Lyra Therapeutics announced the U.S. FDA has cleared the company’s Investigational New Drug (IND) application for LYR-210 for the treatment of chronic rhinosinusitis (CRS). Lyra plans to incorporate U.S. clinical sites into LANTERN, its ongoing global Phase 2 clinical trial of LYR-210, which was initiated in May 2019 at sites in New Zealand, Australia and Europe.
The Phase 2 LANTERN study is an ongoing randomized, sham procedure-controlled, patient-blinded clinical trial to evaluate the safety and efficacy of LYR-210 in adult patients with CRS with and without nasal polyps. CRS patients who have not had sinus surgery will receive in-office bilateral administration of either one of two dose levels of LYR-210 or a sham procedure. LYR-210 is designed to be administered into the sinonasal passages through a single-use applicator and to deliver drug locally at the site of inflammation.
LYR-210 met its primary safety endpoint in a phase 1 trial, and it was observed that patients generally experienced significant and rapid, clinically meaningful and durable improvement in SNOT-22 scores, an established patient symptom severity scale, through week 25, which was the end of the trial.

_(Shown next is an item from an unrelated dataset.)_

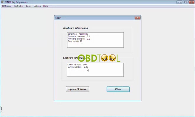 Press Close button after TM100 activation, you will be able to check the TM100 key pro hardware and software version information
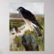Um norte harrier ou gavião-pântano sentado em um toco sobre pântanos numa ilustração antiga de um livro de aves de 1922.

The therapeutic embedded within LYR-210 is mometasone furoate, which is the active ingredient in various FDA-approved drugs and has a well-established efficacy and safety profile. LYR-210 designed to provide up to six months of drug therapy in a single administration for chronic rhinosinusitis. The company is advancing LYR-210 as a potential preferred alternative to surgery.
CRS is an inflammatory disease of the paranasal sinuses which leads to debilitating symptoms and significant morbidities and affects approximately 13 million people in the United States.